Mas e se a viagem for longa, ou até uma mudança definitiva? Aqui tentaremos ajudar com um guia rápido de onde buscar informações e das exigências comuns a quase todos os países. Muito do que vamos contar é um relato de uma voluntária ResGatinhos que partiu para a Alemanha com seus dois gatos.

Onde encontrar informações

Assim que o destino for escolhido, ou imposto, o mais importante é buscar informações sobre as normas sanitárias exigidas pelo país de destino. No site do Ministério da Agricultura (link) existe uma lista com os principais países de destino para onde viajam animais de companhia brasileiros. Além de consultar o site do Ministério da Agricultura sugerimos que você busque informações complementares junto à embaixada ou ao consulado do país de destino.  Esse primeiro passo evita transtornos e surpresas desagradáveis, como descobrir dois dias antes do embarque que a Austrália ou Nova Zelândia, por exemplo, não aceitam animais brasileiros…

Por experiência própria, sugerimos que a busca por informações comece bem cedo, no mínimo uns seis meses antes da viagem.  Ou o mais breve possível, pois a papelada completa pode demorar um pouco.

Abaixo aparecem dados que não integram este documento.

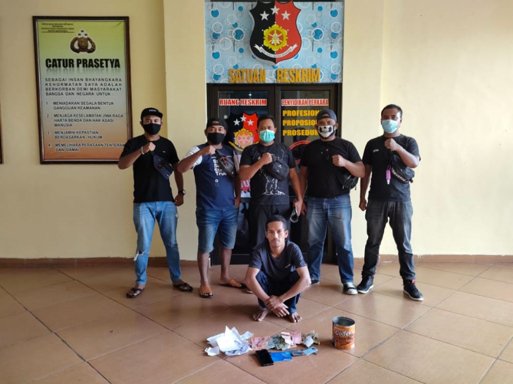 Sementara dari tangan B.H, pelaku judi Dingdong polisi menyita uang sebanyak enam ratus lima belas ribu rupiah (Rp.615.000), 1 buah HP merk Vivo warna hitam yang berisi angka angka dingdong, 1 buah Boks ikan yang digunakan pelaku sebagai meja untuk menyimpan HP dan uang taruhan tersebut.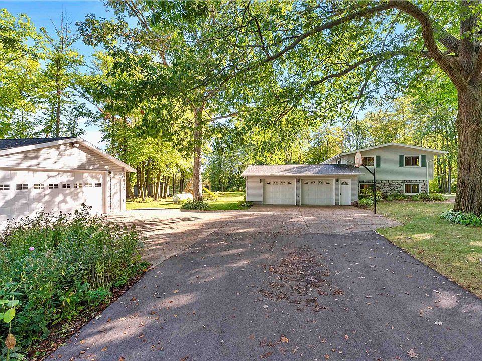 Delightfully updated raised ranch on edge of rural subdivision nestled on a parklike 1.59 acre mature treed setting with 4 car garaging and wonderful views of mother nature. Open concept floorplan with vaulted ceilings, tastefully remodeled center island kitchen, and eat-in dining to maintenance free deck. Offers updated bathrooms, lower entertainment level with exposed windows, and cozy gas fireplace. Includes garage lover's 30 x 24 attached 2.5 car heated garage, detached 2.5 car 24 x 30 heated garage and rear garden shed. Includes a brand new 2024 private sanitary mound system!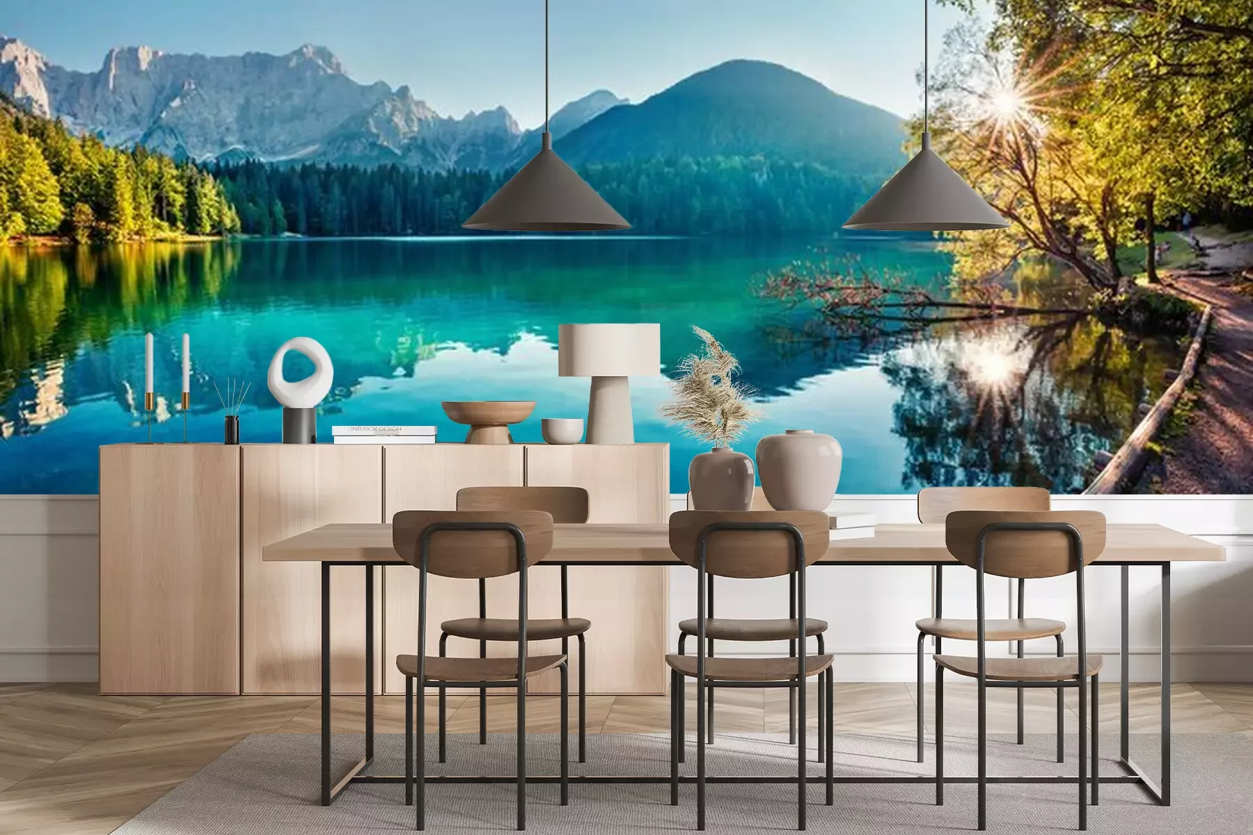 Das Material Premium+ besteht aus einer strukturierten Vinyl-Oberschicht und einem Trägermaterial (Vlies) mit einer Grammatur von 255 g/m², das kleine Unebenheiten der Wand zuverlässig kaschiert. Die feine Sandstruktur verleiht der Oberfläche eine luxuriöse Haptik, während das halbmatte Finish die Tiefe der Farben betont. Das Material ist dampfdurchlässig – so kann diese Fototapete auch in Küchen und Badezimmern eingesetzt werden. Die maximale Breite einer Tapetenbahn beträgt 100 cm. Bei größeren Abmessungen besteht die Fototapete aus mehreren gleich großen Bahnen. Der Kleber wird direkt auf die Wand aufgetragen, und die Fototapete wird auf Stoß angebracht, was für einen ästhetischen Effekt ohne sichtbare Fugen sorgt. Die Oberfläche ist pflegeleicht und kann bei Bedarf sanft mit einem feuchten Tuch abgewischt werden.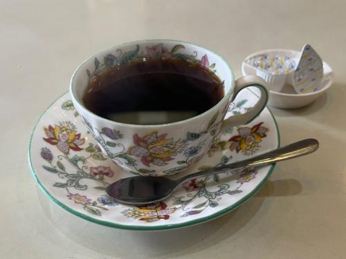 そろそろ食べ終わる、という頃に奥さんから「ブレンドコーヒー淹れますね」との声が。一杯ずつ丁寧に淹れてくださるようで、待っていると、このような素敵なカップに入ったコーヒーが登場。この味わいがまた朝にぴったりなコク深さ。お腹いっぱいになった体に染みわたっていきます。
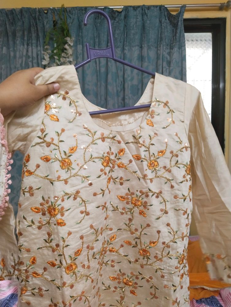 I bought the dress material from the famous market in Mumbai, got it stiched for myself! wore it only twice! the kurta is heavy with nice embroidery! the lace of embroidery is given in duppatta as well! the bottom is in the pant form with Canvas at the end and 3 buttons as visible in the picture! I burnt a back of the lace of duppatta slightly as it can be seen in the picture, it doesn't show up! the dress is as good as new! perfect for someone who likes heavy dresses! it's in the shade of cream and orangy mango soft of colour!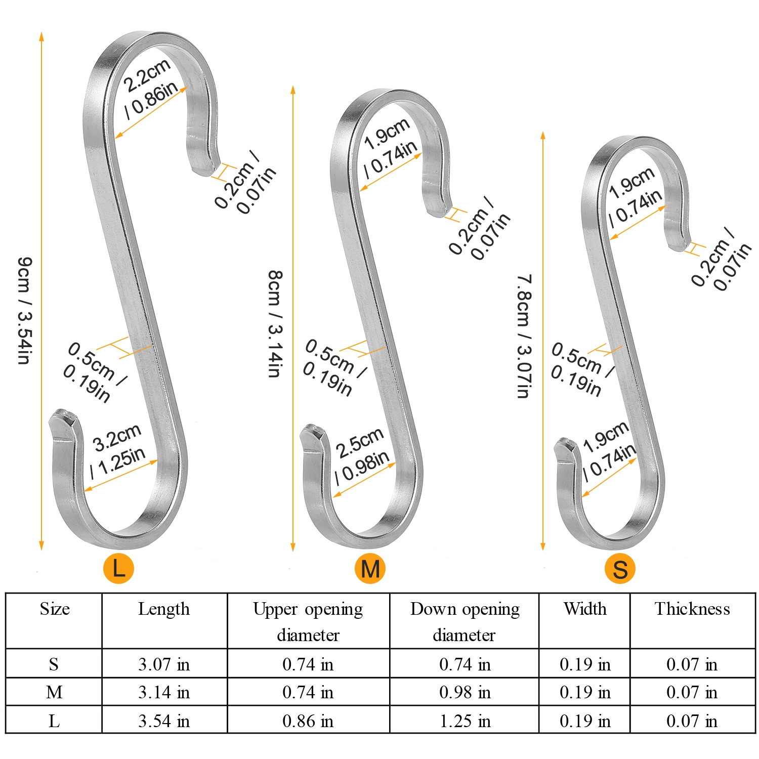 Our 5 pcs flat S-Shaped stainless steel hooks have three sizes: S, M and L for your selection, you can make your choice according to your needs. Our hooks are made of premium-quality stainless steel, abrasion-resistant, rustproof and durable, and can be used to hang heavy stuff (up to 22lb) without deformation. These hooks are perfect for organizing your kitchen by hanging pans, pots and spoons on the wall, saving more space for the kitchen, and also suitable for closet, tool room, bathroom, garage and garden, hanging clothes, tools, shower curtains, lamps and garden decorations. The special design in the end can resist falling and slipping, bringing more convenience to use.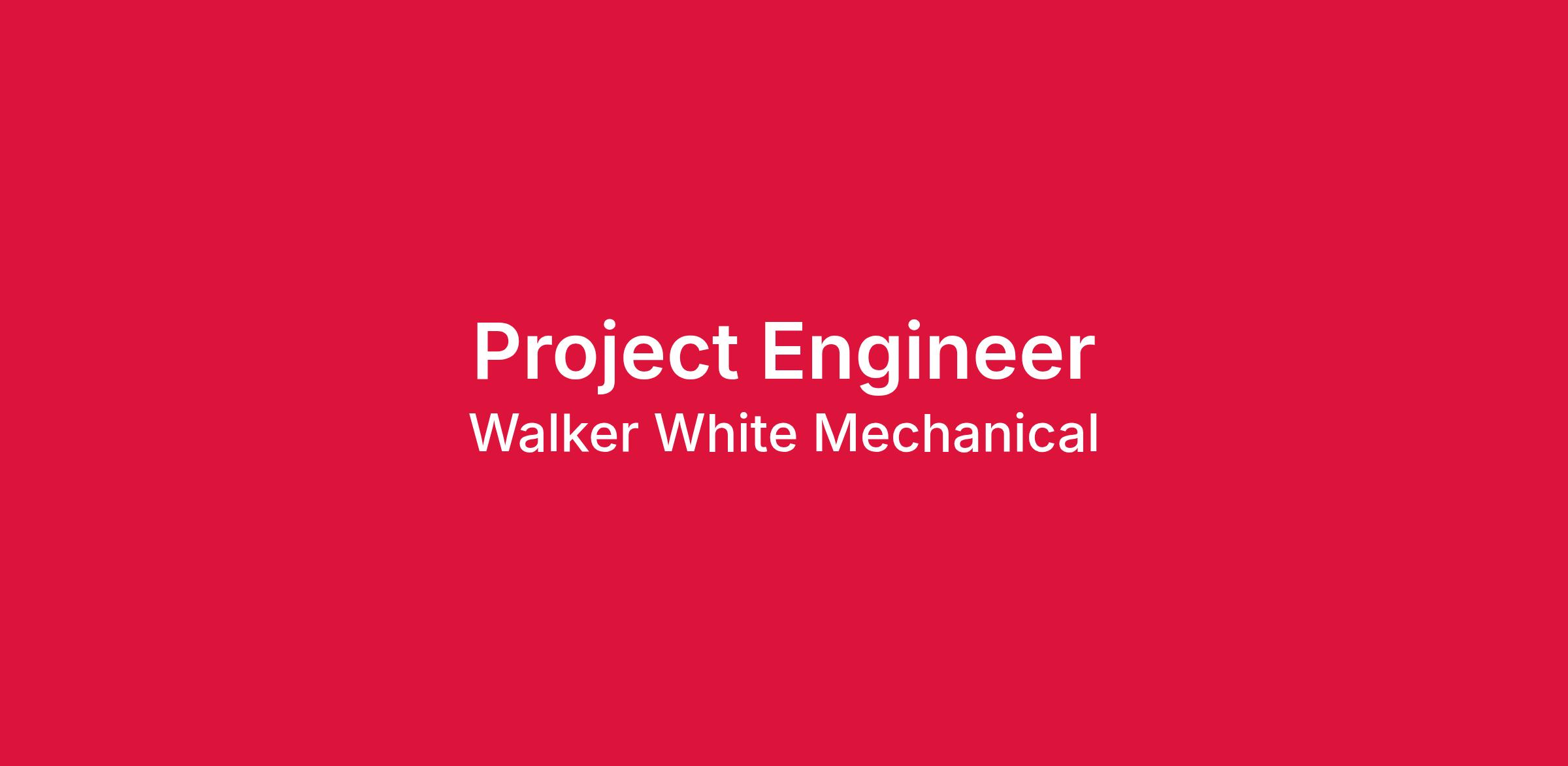 Walker White Mechanical is seeking a driven Project Engineer who’s ready to gain hands-on field experience, learn from seasoned professionals, and grow into a Project Manager role within 2–3 years.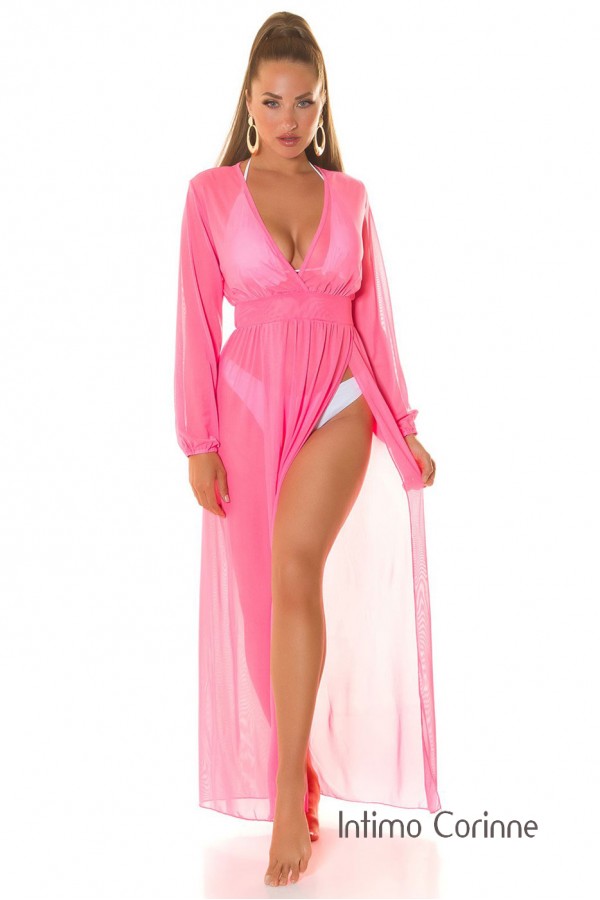 Sontuosa vestaglia semitrasparente in morbido tessuto caratterizzato da lunghi spacchi laterali e ampia scollatura. Utilizzabile anche come copri costume.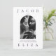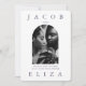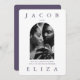 O convite para casamento de fotos violetas elegantes apresenta um layout moderno com tipografia ousada e um retorno violento do convite editável para sua cor personalizada!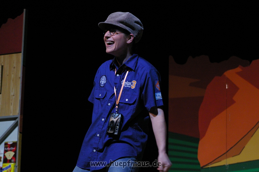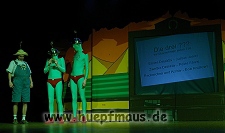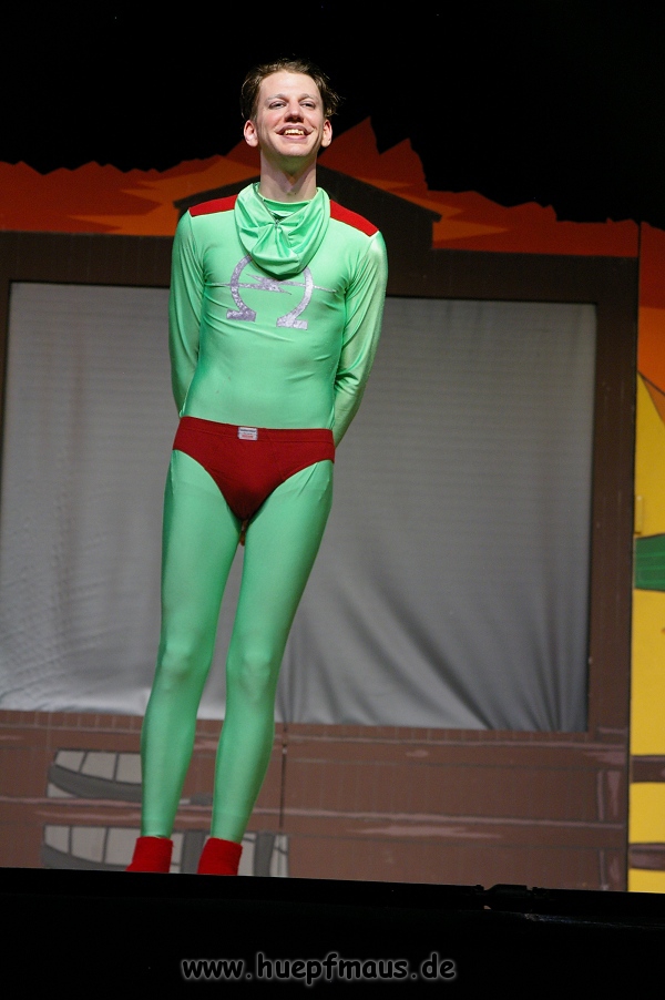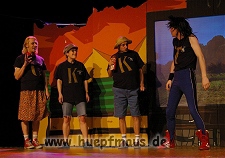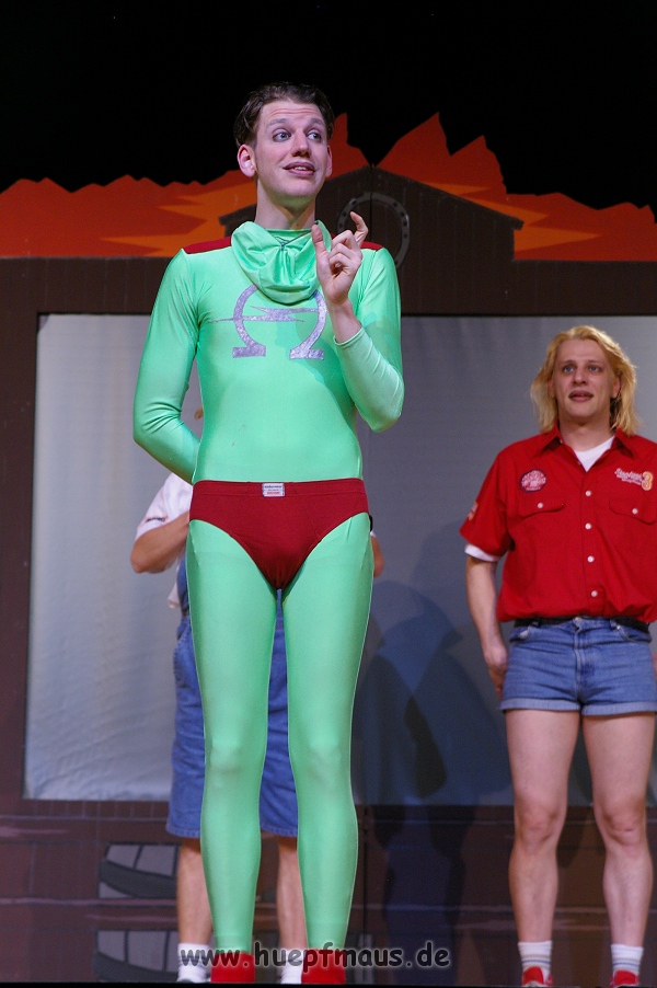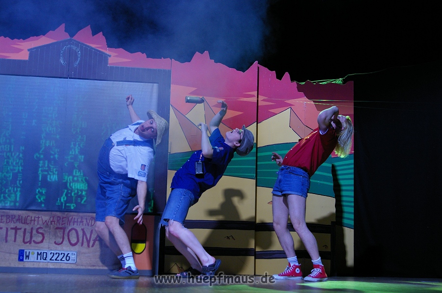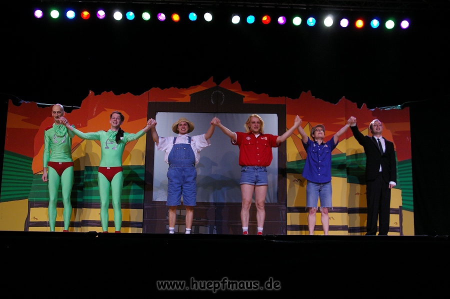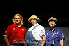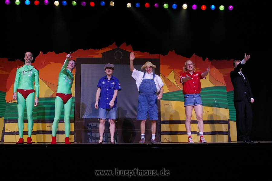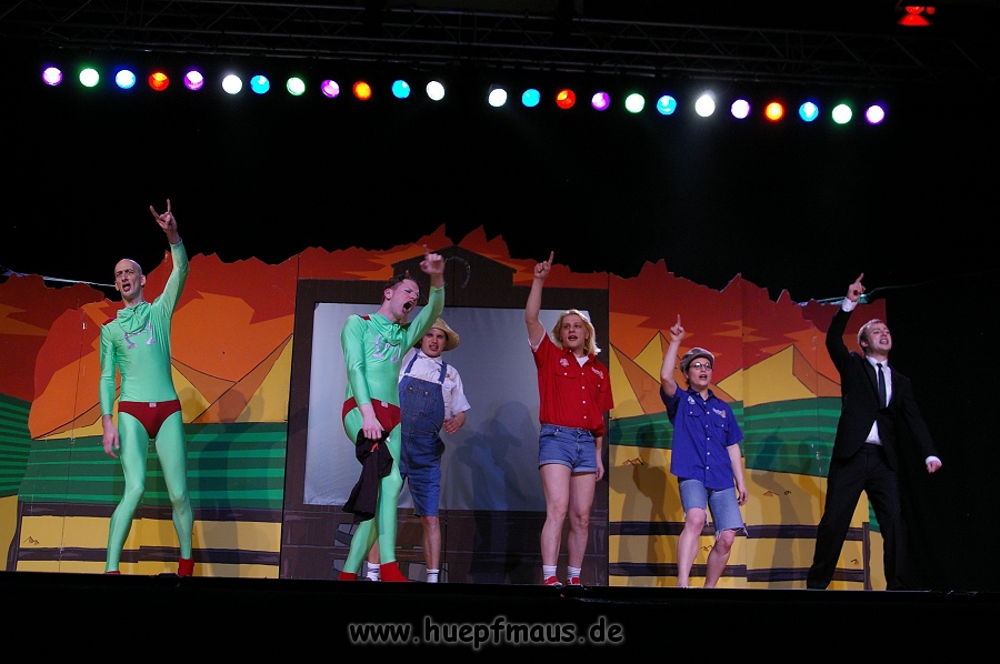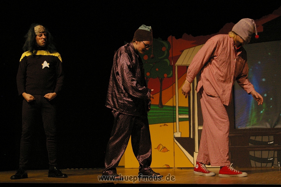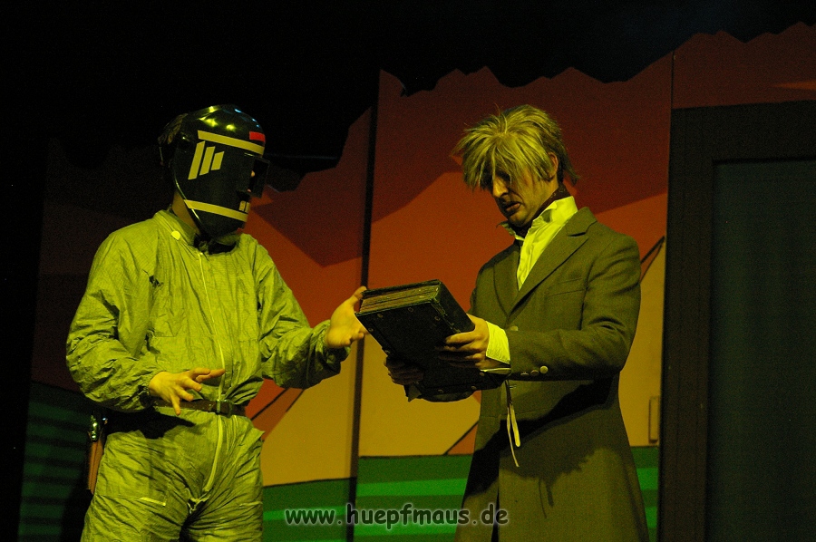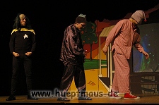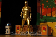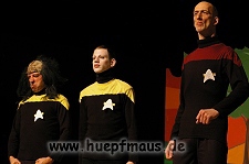 Und das zu recht, denn die Jungs und Mädels waren mal wieder absolut klasse. Auch wenn die Folge „Die Drei ??? und die bedrohte Ranch“ bei vielen Fans nicht ganz so beliebt ist, hat das VPT mal wieder ein Meisterwerk daraus gemacht. Manta –ein auf der Erde vergessener Außerirdischer vom Planeten Omega- spazierte als zweiter Justus immer wieder auf die Bühne, dabei wollte er doch am liebsten nur „nach Hause telefonieren“. R2D2 und C3PO hatten einen Gastauftritt und auch die Crew der Enterprise durfte natürlich nicht fehlen. Der Ideenreichtum des VPT scheint unerschöpflich, ihnen fällt zu jeder Situation wieder etwas neues ein. Dennoch werden alte Klassiker, die einfach zu jedem Stück gehören, nicht vergessen: TKKG, John Sinclair und natürlich die Matrix-Szene wurden vom Publikum begeistert gefeiert, ebenso „Paradise City“ von Guns´n´Roses, zu dem die Jungs im wahrsten Sinne des Wortes abrockten.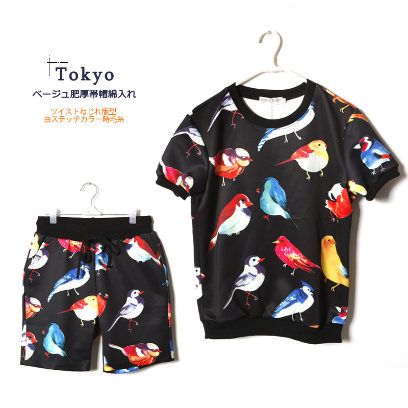2015夏季新款男士太空棉面料小鳥花型男短袖T恤短褲套裝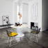 Saarinen was assisted by Don Petitt, of Knoll’s Design Development Group, who introduced several ingenious methods of model making. Together with a Knoll design research team, they worked out the problems arising in production. Full scale models became furniture and, with family and friends acting as “guinea pigs,” the furniture was tested in the dining room and living room of the Saarinen house in Bloomfield Hills.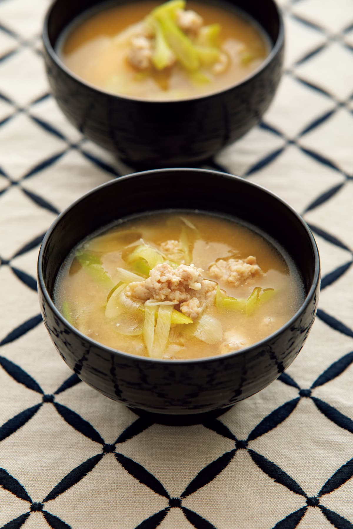 鍋にサラダ油を中火で熱し、ねぎとひき肉を入れる。ひき肉をほぐしながら炒め、肉の色が変わったら水2カップを加えて混ぜる。煮立ってきたらさらに2分ほど煮て、みそを溶き入れる。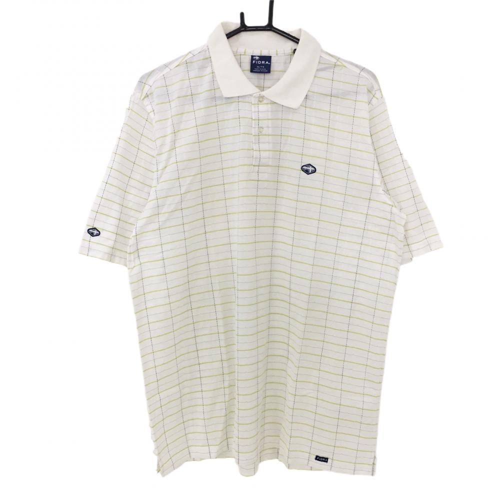 【超美品】フィドラ 半袖ハイネックシャツ 白 格子柄地模様 ロゴワッペン レディース S/P ゴルフウェア FIDRA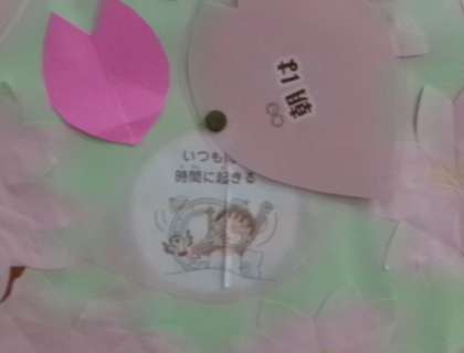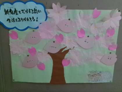 保健室前の掲示「新年度をむかえる前に、生活をふりかえろう」です。葉っぱをずらすと、メッセージが出てきます。

VIAJANDO PARA A UNIÃO EUROPÉIA

(Alemanha, Áustria, Bélgica, Bugária, Chipre, Dinamarca, Eslováquia, Eslovênia, Espanha, Estônia, Finlândia, França, Grécia, Hungria, Irlanda, Itália, Letônia, Lituânia, Luxemburgo, Malta, Países Baixos, Polônia, Portugal, Romênia, Reino Unido, República Checa e Suécia)

Vacinação

A maioria dos países, para não dizer todos, exige a vacinação contra a raiva. Na carteira de vacinação do animal devem constar:
- nome comercial da vacina;
- número do lote;
- assinatura e carimbo do médico veterinário;
- data de aplicação e validade da vacina, muitas vezes apresentada como “próxima vacina”.
Para maior segurança, sugerimos que peça ao seu veterinário que cole a etiqueta da vacina na carteira de vacinação. É importante ressaltar que nem sempre as vacinas oferecidas em campanhas municipais ou estaduais são válidas para o transporte internacional.

Para animais com idade inferior a 3 meses, sem a primo-imunização contra a raiva, é necessária a dispensa por órgão sanitário do país de destino OU do consulado do atendimento das exigências sanitárias (obs. segundo informações do Consulado Alemão em SP, a Alemanha não aceita filhotes com menos de 3 meses, por isso é muito importante antes de mais nada obter essa informação junto aos órgãos competentes).

Laudo de Sorologia Anti-Rábica: envio de amostra de sangue para um dos dois laboratórios credenciados pela UE no Brasil (Laboratório de Zoonoses e Doenças Transmitidas por Vetores do Centro de Controle de Zoonoses de São Paulo, e Instituto Pasteur), ou em um outro laboratório igualmente credenciado pela Comunidade Européia no exterior, para a titulação de anticorpos contra o vírus da raiva. O título de anticorpos deve ser no mínimo 0,5 UI/ml. Respeitar um prazo de pelo menos 30 dias entre a vacinação contra a raiva e a coleta de sangue, para que o animal tenha tempo de produzir anticorpos. (link para os laboratórios credenciados pela UE)

Importante!! É necessário aguardar 90 dias entre a data da coleta do sangue e o embarque do animal!

Microchip

Quase todos os países exigem que o animal possua um microchip. Esse dispositivo deve seguir os padrões ISO 11784 e ISO 11785 para que possa ser lido no país de destino, caso seja pedido pelas autoridades sanitárias locais. Lembramos que caso o microchip não atenda esses padrões, é de sua responsabilidade fornecer o leitor para que ele possa ser lido. O microchip é implantado pelo seu próprio veterinário (ou um veterinário que realize esse serviço), no próprio consultório e sem necessidade de anestesia ou mesmo sedação. É um procedimento ultra rápido e praticamente indolor.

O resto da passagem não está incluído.